The retail sector has been the strongest performer over the year ended June 2007, according to the latest performance index of the Property Council of New Zealand, producing a total annual return of 28.69 per cent, from an income yield of 7.89 per cent and capital return of 21.61 per cent.
Rundle says the performance of this sector has been bolstered by New Zealand shopping centres, which over the 12 month period have produced an annual total return of 31.05 per cent, 21.61 per cent of which has come from capital gains.
Bulk retail property produced a total annual return of 22.24 per cent and New Zealand other retail, which includes supermarkets and strip retail, gave a total return on investment of 18.69 per cent.
"Confidence in the retail sector has been shown by a number of institutional investors who have been behind developments like the now completed Sylvia Park and the staged opening of the Westfield Albany shopping centre," says Rundle.
"Smaller investors are also continuing to actively compete for retail properties, with a number of outlets in strong locations and leased to national tenants selling for yields between 6 per cent and 7 per cent at Bayleys' September Total Property auctions."
The New Zealand CBD office sector has come in just under New Zealand retail for the year ended June 2007, recording an annual return of 26.91 per cent, comprising an income return of 8.25 per cent and an annual capital return of 17.35 per cent.

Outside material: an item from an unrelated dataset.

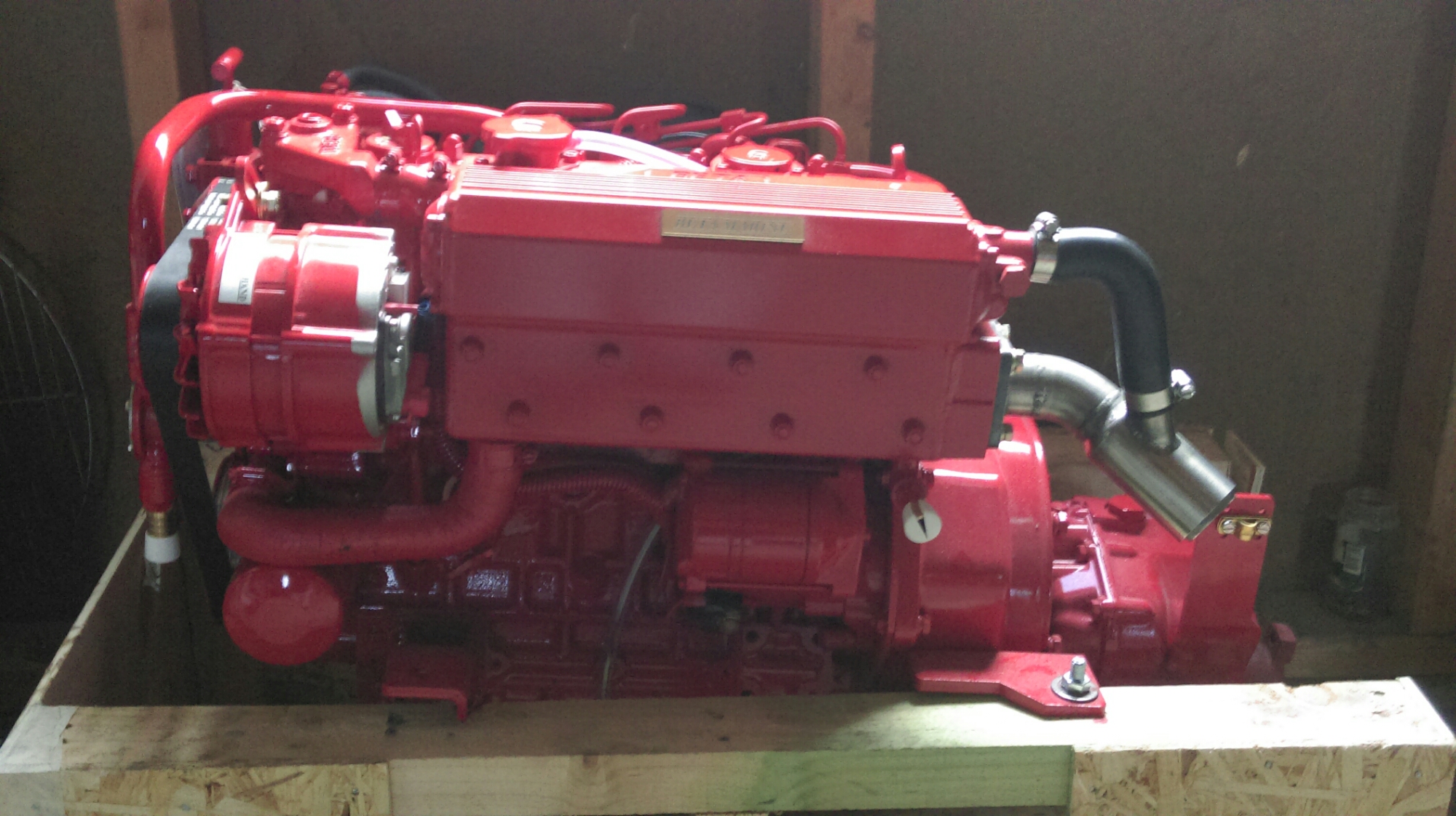 The new engine is waiting in the garage, ready to be installed. It’s a Beta 35, based on a Kubota engine. A little bigger than the old Volvo, four cylinders and a lower rpm, so should give quieter service.

The Wellington CBD produced the highest total return for commercial offices, despite a slightly lower yield of 8.12 per cent, at 28.98 per cent.
"These strong returns reflect a market where vacancy rates are at some of the lowest levels recorded over the past 17 years," says Rundle.
Auckland's CBD vacancy rate is down at 9.45 per cent, with the higher quality, prime office space down at 3.9 per cent as at June 2007.